Die Iraner sind selbstverständlich empört. Der iranische Außenminister Hosein Amir Abdollahian kommentierte den Vorfall so:
"Wir betrachten diese Aggression als einen Verstoß gegen alle diplomatischen Normen und internationalen Vereinbarungen. Benjamin Netanjahu hat aufgrund seiner ständigen Misserfolge in Gaza und seiner Unfähigkeit, zionistische Ziele zu erreichen, endgültig den Verstand verloren."
Von Verrücktheit oder mangelnder Urteilsfähigkeit kann jedoch keine Rede sein. Benjamin Netanjahu hat das Konsulat angegriffen, um ein Schachbrett umzuwerfen, auf dem das Spiel nicht zu seinen Gunsten steht.
Der israelische Premierminister befindet sich in der Tat in einer scheinbar ausweglosen Situation. In Israel selbst gibt es Tausende von Protesten ‒ die Menschen sind sowohl seiner Regierungsmethoden als auch seiner Unfähigkeit, einen Sieg im Gazastreifen zu erringen, überdrüssig. Er scheint nicht in der Lage zu sein, das Ruder in diesem Krieg herumzureißen. Die Opposition fordert zunehmend vorgezogene Parlamentswahlen. Verliert er sein Amt, könnte Netanjahu auch seine Freiheit verlieren.
Es sei denn, ihm fällt ein unkonventioneller Ausweg aus der Situation ein. Ein Ausweg, der die Figuren auf dem Spielbrett völlig neu ordnen würde ‒ oder sie niederreißen und alle Spieler zwingen würde, sich neu zu ordnen.
Genau dies, dachte sich Benjamin Netanjahu offensichtlich, könnte ein Angriff auf das iranische Konsulat in Syrien bewirken. Mit diesem Schlag stellt er Teheran vor eine Entscheidung zwischen drei Optionen. Optionen, die dem israelischen Premierminister entweder den Sieg (in seiner Vorstellung, natürlich) oder zumindest eine Verbesserung seiner Position bringen könnten.

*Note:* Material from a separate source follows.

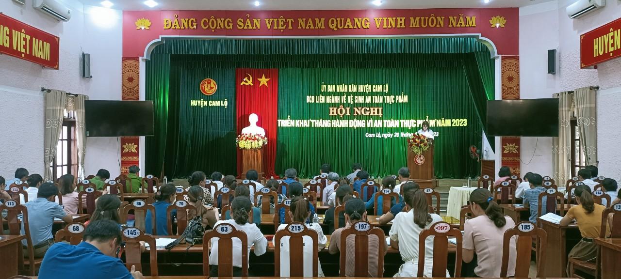 Ngày 20/4/2023, Ban Chỉ đạo liên ngành về vệ sinh an toàn thực phẩm huyện Cam Lộ tổ chức hội nghị triển khai Tháng hành động vì an toàn thực phẩm năm 2023, từ ngày 15/4 đến ngày 15/5 với chủ đề “Bảo đảm an ninh, ATTP trong tình hình mới”.

Die erste Option ist Krieg. Die Iraner haben bereits deutlich gemacht, dass sie den Angriff auf das Konsulat nicht unbeantwortet lassen werden. Der iranische Botschafter in Syrien, Hosein Akbari, sagt, die Antwort an Israel werde "das gleiche Niveau und die gleiche Härte" haben. Die Hisbollah sagt, sie sei bereit, sich anzuschließen, und verspricht Tel Aviv "Strafe und Rache".

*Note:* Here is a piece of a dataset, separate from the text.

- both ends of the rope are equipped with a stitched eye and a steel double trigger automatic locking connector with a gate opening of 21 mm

In der Tat muss Tel Aviv jetzt die größtmögliche Aggression durch Iran und seine Verbündeten provozieren, um Israel in eine belagerte Festung zu verwandeln. Um die Opposition und die gesamte Bevölkerung zu zwingen, sich vor der realen Gefahr eines Krieges mit Iran und seinen regionalen Satelliten zu vereinen.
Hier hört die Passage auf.